练习:为“学习资料整理”设计一个 AI Agent(不写代码也可以)。

  • 目标:把你提供的 10 个链接整理成一份学习笔记与行动清单。
  • 约束:必须给出引用来源;不确定时要明确说 “I don’t know” 并提出澄清问题。
  • 输出:TL;DR、关键概念 glossary(术语英文)、推荐阅读顺序、每日计划(7 天)。

References

Original (English)

Agents are revolutionizing the way we approach complex tasks, leveraging the power of large language models (LLMs) to work on our behalf and achieve remarkable results. In this guide we will dive into the fundamentals of AI agents, exploring their capabilities, design patterns, and potential applications.

What is an Agent?

Agent Components

In this guide, we refer to an agent as an LLM-powered system designed to take actions and solve complex tasks autonomously. Unlike traditional LLMs, AI agents go beyond simple text generation. They are equipped with additional capabilities, including:

  • Planning and reflection: AI agents can analyze a problem, break it down into steps, and adjust their approach based on new information.
  • Tool access: They can interact with external tools and resources, such as databases, APIs, and software applications, to gather information and execute actions.
  • Memory: AI agents can store and retrieve information, allowing them to learn from past experiences and make more informed decisions.

This lecture discusses the concept of AI agents and their significance in the realm of artificial intelligence.

Why build with Agents?

While large language models (LLMs) excel at simple, narrow tasks like translation or email generation, they fall short when dealing with complex, broader tasks that require multiple steps, planning, and reasoning. These complex tasks often necessitate access to external tools and information beyond the LLM's knowledge base.

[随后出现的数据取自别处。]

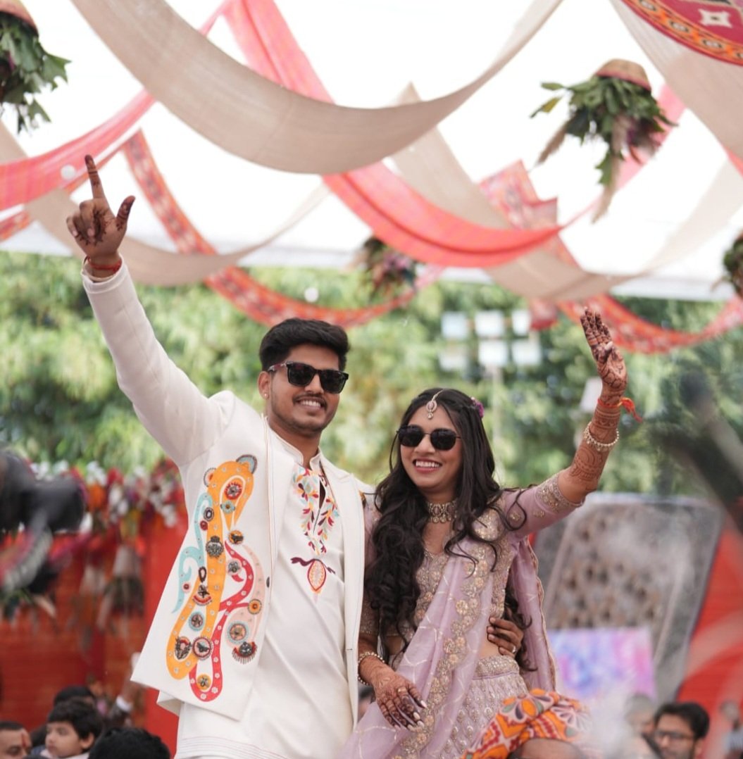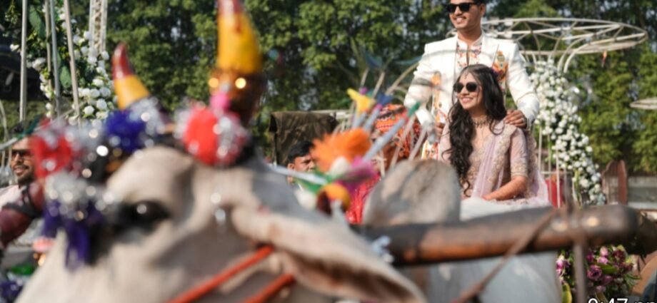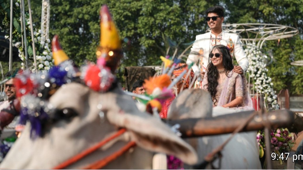 मुख्यमंत्री डॉ. मोहन यादव के छोटे बेटे डॉ. अभिमन्यू यादव और दुल्हन डॉ. इशिता के साथ शनिवार को बैलगाड़ी पर सवार होकर विवाह स्थल पहुंचे। चिंतामण गणेश मार्ग स्थित होटल अधर्व के पीछे मैदान में कॉर्निवाल कार्यक्रम रखा गया। इसमें दूल्हा-दुल्हन चश्मा लगाए बैलगाड़ी पर दिखाई दिए। दूल्हा बैलगाड़ी को आगे बढ़ाने की मुद्रा में तो दुल्हन उनके सामने बैलगाड़ी पर बैठी थी।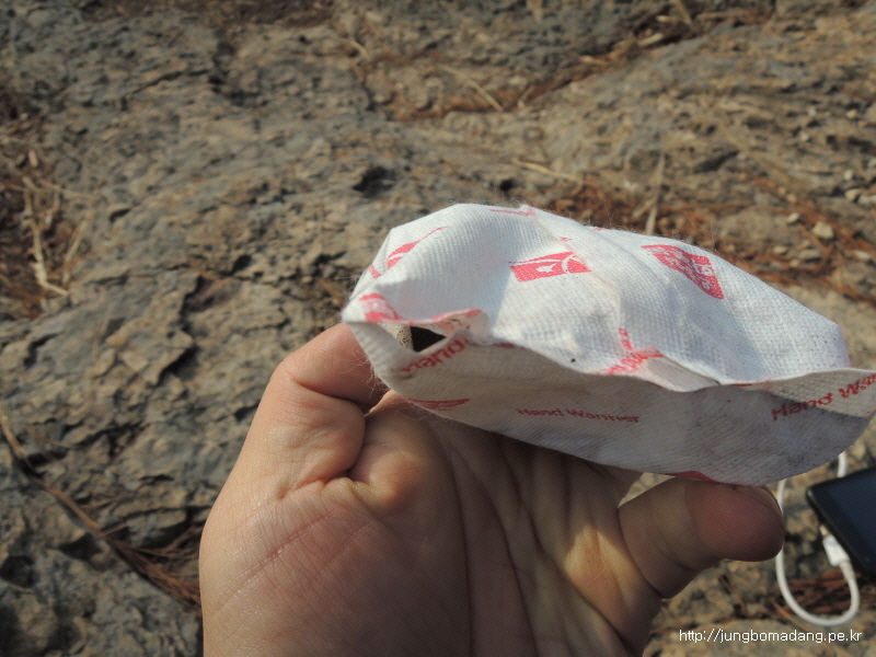 아! 여기서 충격적인건 어제 다이소에서 샀던 핫팩 2개중에 한개가 이렇게 터져버린 겁니다. 그덕에 내 자켓 주머니 안은 삐자져나온 내용물로 난장판... 다이소 화롯불 핫팩 절대! 사지 마세요. 데워지는 것도 늦고, 갑자기 뜨거워지고 이렇게 터지기까지.... 가격도 1000원이면 싸지도 않고!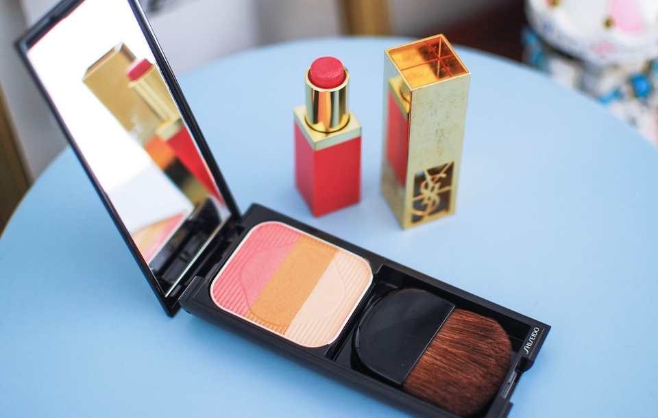 Shiseido Face Color Enhancing Trio RD1 Apple + YSL Rouge Pure Shine Sheer Lipstick 7JBA 28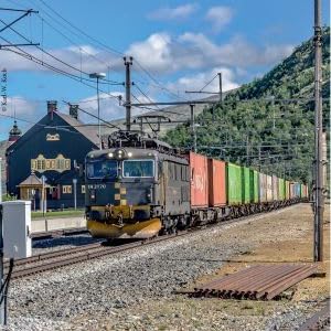 Der namensgebende Ort des gesamten Landstriches ? Dovre ? ist heute ein kleines Städtchen mit einem kleinen Bahnhof fernab jeglicher Bedeutung. Containerzug der CargoNet nach Süden, Juli 2022.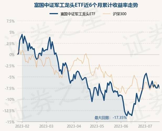 7月19日,富国中证军工龙头ETF最新单位净值为0.6864元,累计净值为1.3728元,较前一交易日下跌0.78%。历史数据显示该基金近1个月上涨4.05%,近3个月下跌1.0%,近6个月下跌7.51%,近1年下跌15.05%。该基金近6个月的累计收益率走势如下图: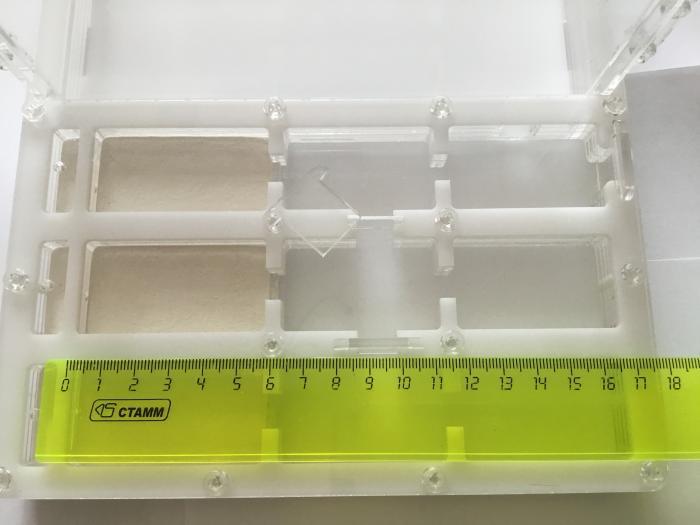 Немного истории создания и «почему прототип 2». У меня не было опыта разработки формикариев и опыта работы в графических редакторах, моя работа не связана с графикой. Пришлось мне не просто :). Проектирование формикария зависело от навыков работы в CorelDraw. Первая версия формикария была на 6 мм тоньше, соответственно высота сухих камер составляла лишь 9мм, а высота камер с гипсом — 6мм.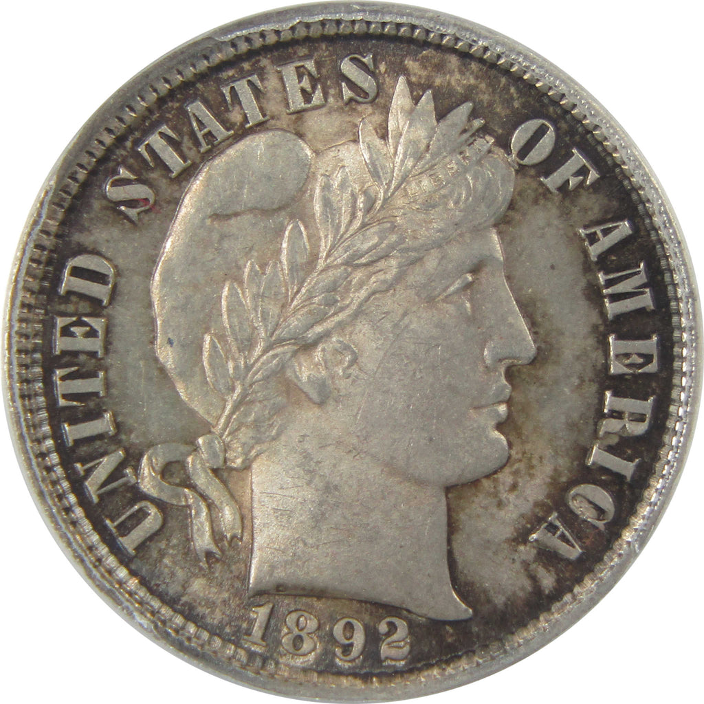 A genuine 1892 Barber Silver Dime Coin, graded and certified MS 63 by ANACS. Contains 90% Silver
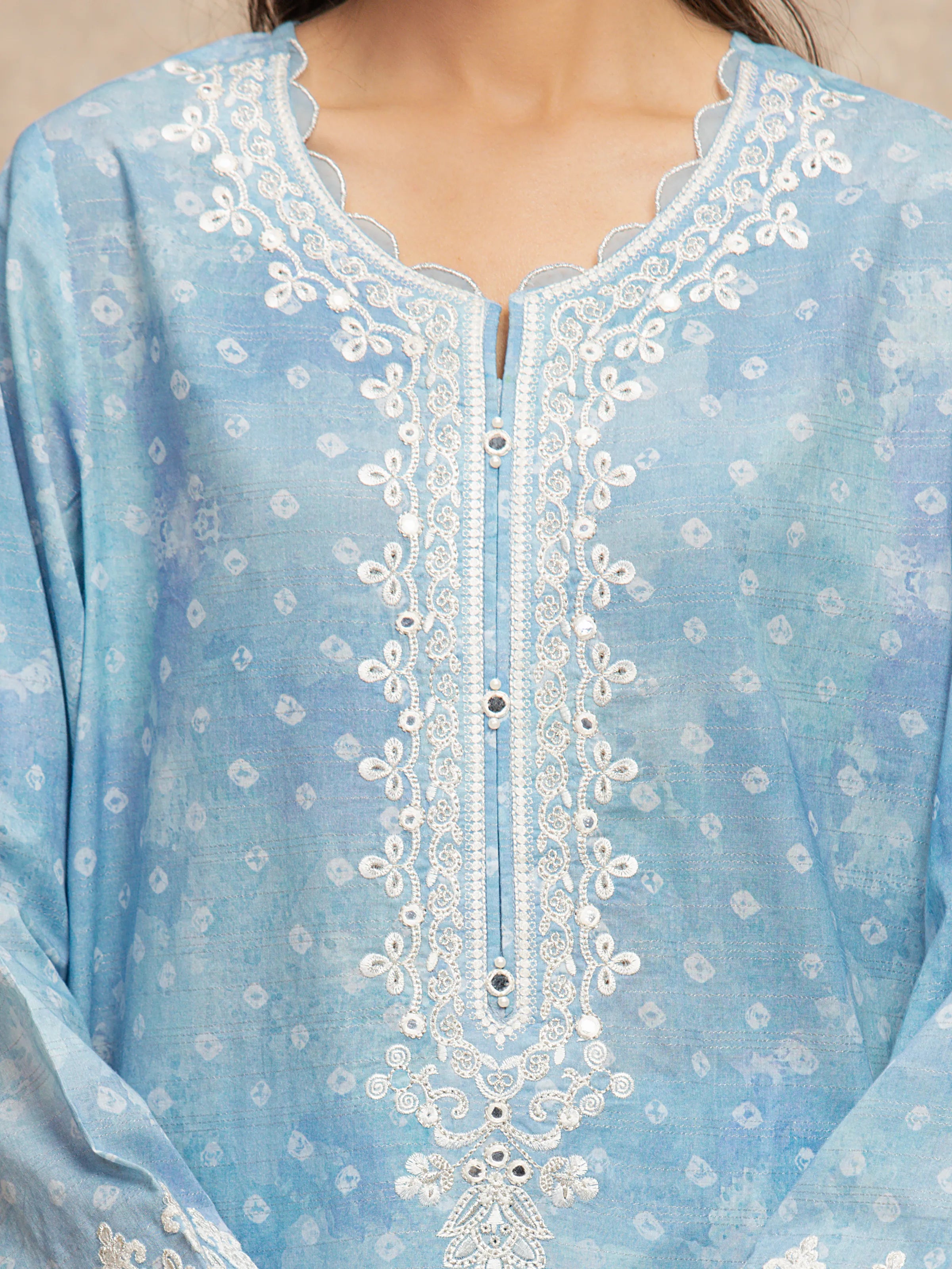 - Embroidered Neckline on Organza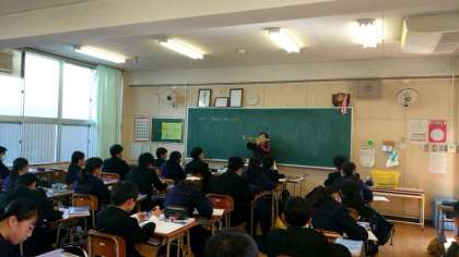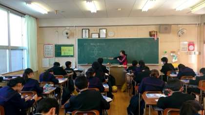 1年生数学科で図形の学習を行っています。今日は線分の中点(真ん中)の求め方を教わります。小学校では定規を使って長さ(cm・mm)を測って中点を求めていましたが、中学校ではコンパスを使って求めます。先生が1つ1つの作業手順をていねいに説明されています。皆さん、しっかり理解できましたか?

For example, developing a marketing strategy might involve researching competitors, analyzing market trends, and accessing company-specific data. These actions necessitate real-world information, the latest insights, and internal company data, which a standalone LLM might not have access to.

AI agents bridge this gap by combining the capabilities of LLMs with additional features such as memory, planning, and external tools.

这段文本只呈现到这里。